Wobec kolejnych dwóch funkcjonariuszy zakładu karnego w Zamościu złożono zawiadomienia do prokuratury o możliwości popełnienia przestępstwa. Zostali też zawieszeni w czynnościach służbowych. To finał sprawy związanej z ucieczką osadzonego Bartłomieja B. ze szpitala psychiatrycznego.

– Zakończyliśmy czynności kontrolne. W ich wyniku wyciągniemy konsekwencję wobec 9 funkcjonariuszy – informuje rzecznik prasowy dyrektora generalnego Służby Więziennej, podpułkownik Arleta Pęconek. – Funkcjonariusze nie wykonali swoich podstawowych obowiązków. Nie obserwowali oraz nie ochraniali osadzonego. Dodatkową przyczyną było nierozpoznanie przedmiotowego konwojowania, wymagającego wyjątkowej ochrony. W związku z powyższym za naruszenie dyscypliny służbowej wobec czterech funkcjonariuszy wszczęto postępowania dyscyplinarne oraz złożono zawiadomienia do prokuratury o możliwości popełnienia przestępstwa, o którym mowa w artykule 231 kodeksu karnego. Wobec kolejnych pięciu funkcjonariuszy postępowania dyscyplinarne zostaną wszczęte najpóźniej do końca tego tygodnia.

W wyniku sprawy został też odwołany ze stanowiska dyrektor Zakładu Karnego w Zamościu ppłk Dariusz Bochyński. Dziś (13.11) na to stanowisko został powołany ppłk Andrzej Pietruszka.

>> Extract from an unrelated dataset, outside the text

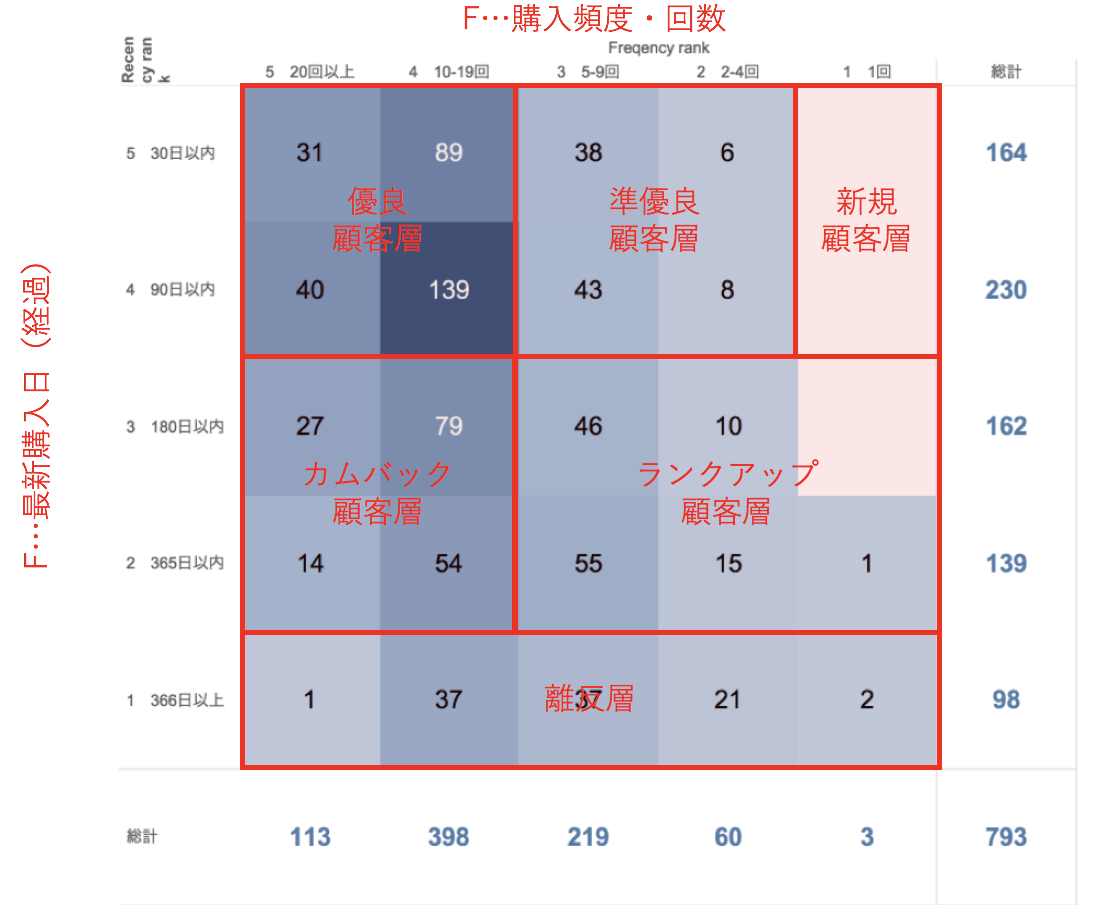 - F: Frequency 購買頻度・回数
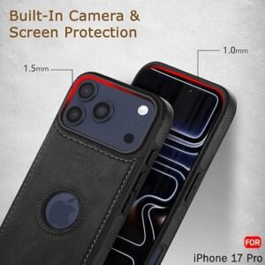 The Genuine Leather Finish Back Cover Case for the iPhone 17 Pro (Black) is a professional-grade accessory designed for Apple’s 2025 flagship. It is specifically engineered to accommodate the iPhone 17 Pro’s major design departure: the horizontal “Camera Plateau” and its new 8.8mm aluminum/glass unibody.

Przypomnijmy, iż w nocy z 6 na 7 października, mężczyzna – podejrzany o zabójstwo – uciekł z obserwacji sądowo-psychiatrycznej ze szpitala w Radecznicy, gdzie był dozorowany przez służbę więzienną. Wcześniej był tymczasowo aresztowany, a do szpitala trafił po próbie samobójczej. Podejrzany został schwytany po 10 dniach ucieczki i trafił do Zakładu Karnego w Rzeszowie. Według ustaleń śledczych, funkcjonariusze spali w trakcie pełnienia służby, wskutek czego osadzony uciekł z oddziału.